$\angle C = ?$

By Thales theorem angle ADB is 90°. And because D is midpoint of line segment AC we can say that triangle ACB is isosceles. Now because angle ACH is congruent to angle CAB and triangle ACB is isosceles we can say that angles CAB and BCA are congruent too, thus line CA is angle bisector of angle BCH. Let E be the foot of perpendicular from B to line CH and let $r$ be the radius of the circle.

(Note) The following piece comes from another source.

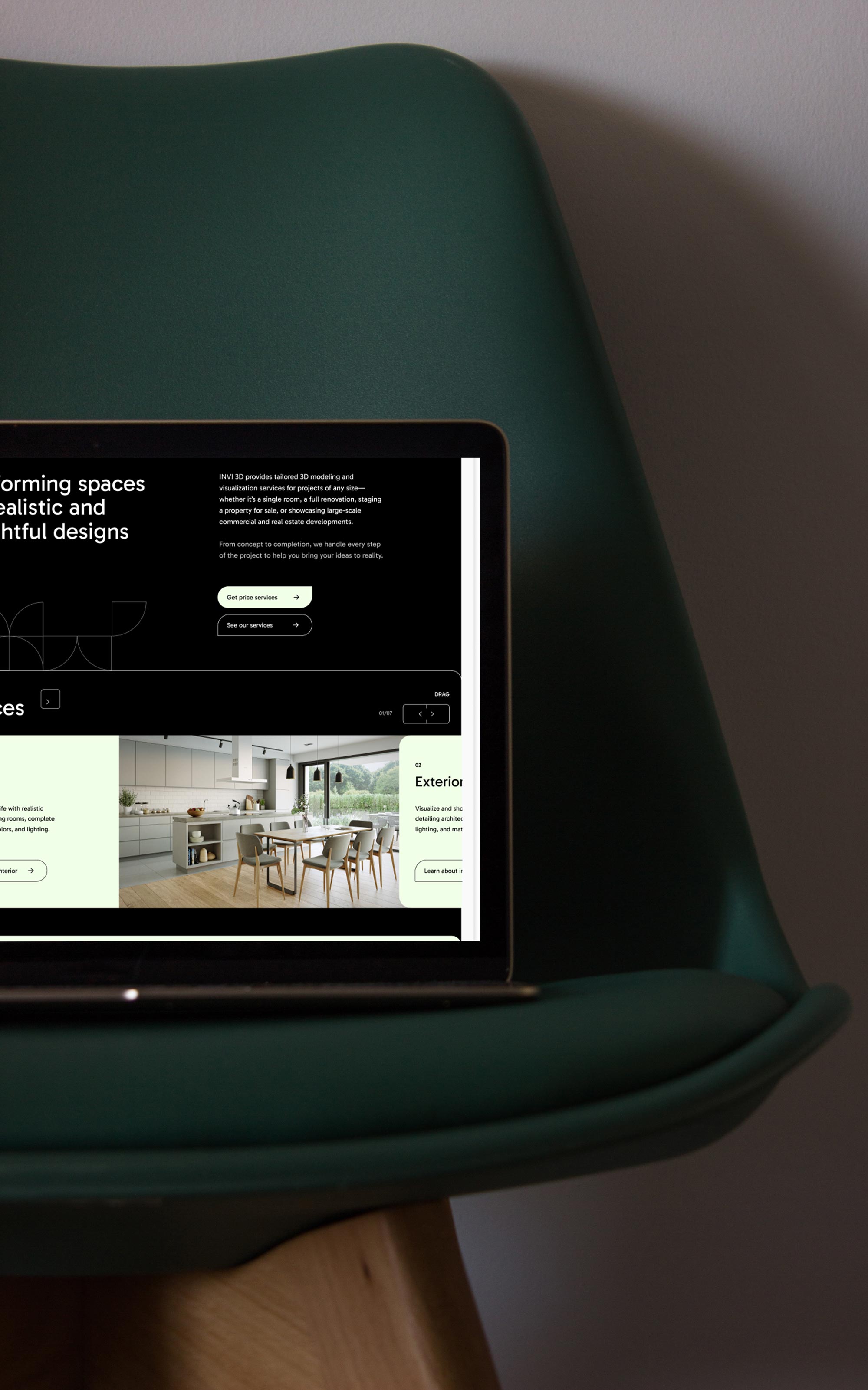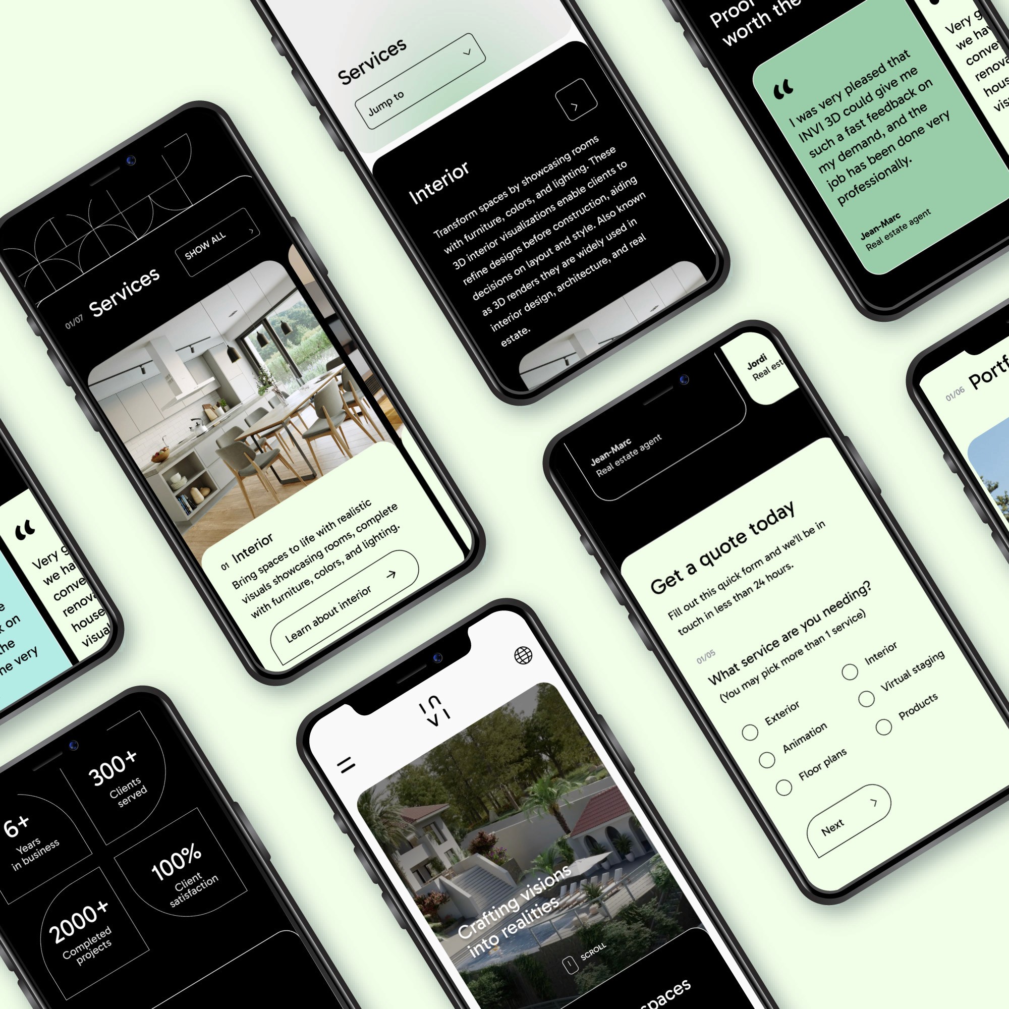Invi3D is a 3D visualization studio specializing in high-quality renderings and virtual experiences for real estate and product design. They approached me to refresh their brand and completely redesign their website. The goal was to elevate their digital presence to better reflect the sophistication of their work and clearly communicate the full range of their services—including interior and exterior renders, 3D animation, virtual staging, and more. A key business objective was to drive more leads through the “Request a Quote” form.

We now know that $|BE|=r$ and $|CB|=|BA|=2r$ , from this we can easily calculate that the angle BCE is 30° and thus $|ACH|=\frac{1}{2}|BCH|=15°$ .

Let the radius of circle $O$ be $1$ and $AD=CD=a$ . Then the height of $\triangle ACG$ , $AG=1$ . By tangent-secant theorem , we have $CH^2 = CA \cdot CD = 2a^2 \implies CH=\sqrt 2a$ . By Pythagorean theorem ,

$\begin{aligned} AG^2 + CG^2 & = AC^2 \\ 1^2 + (1+\sqrt 2a)^2 & = (2a)^2 \\ 1 + 1 +2\sqrt 2 a + 2a^2 & = 4a^2 \\ a^2 - \sqrt 2a - 1 & = 0 \\ \implies a & = \frac {\sqrt 2 + \sqrt 6}2 & \small \blue{\text{Since }a > 0} \\ \sin \angle ACH & = \frac {AG}{AC} = \frac 1{\sqrt 2 + \sqrt 6} \\ \implies \angle ACH & = \boxed{15}^\circ \end{aligned}$

Let the radius of the circle be $r$ and magnitude of $\angle {ACH}$ be $α$ . Then, since $\angle {BDA}$ , being a semicircular angle, is $90\degree$ , $|\overline {AD}|=2r\cos α\implies |\overline {AC}|=4r\cos α$ . Applying sine rule to the $\triangle {ACH}$ we get $\dfrac{4r\cos α}{\sin 135\degree}=\dfrac{r\sqrt 2}{\sin α}\implies \sin 2α=\dfrac{1}{2}\implies 2α=30\degree\implies α=\boxed {15\degree}$ .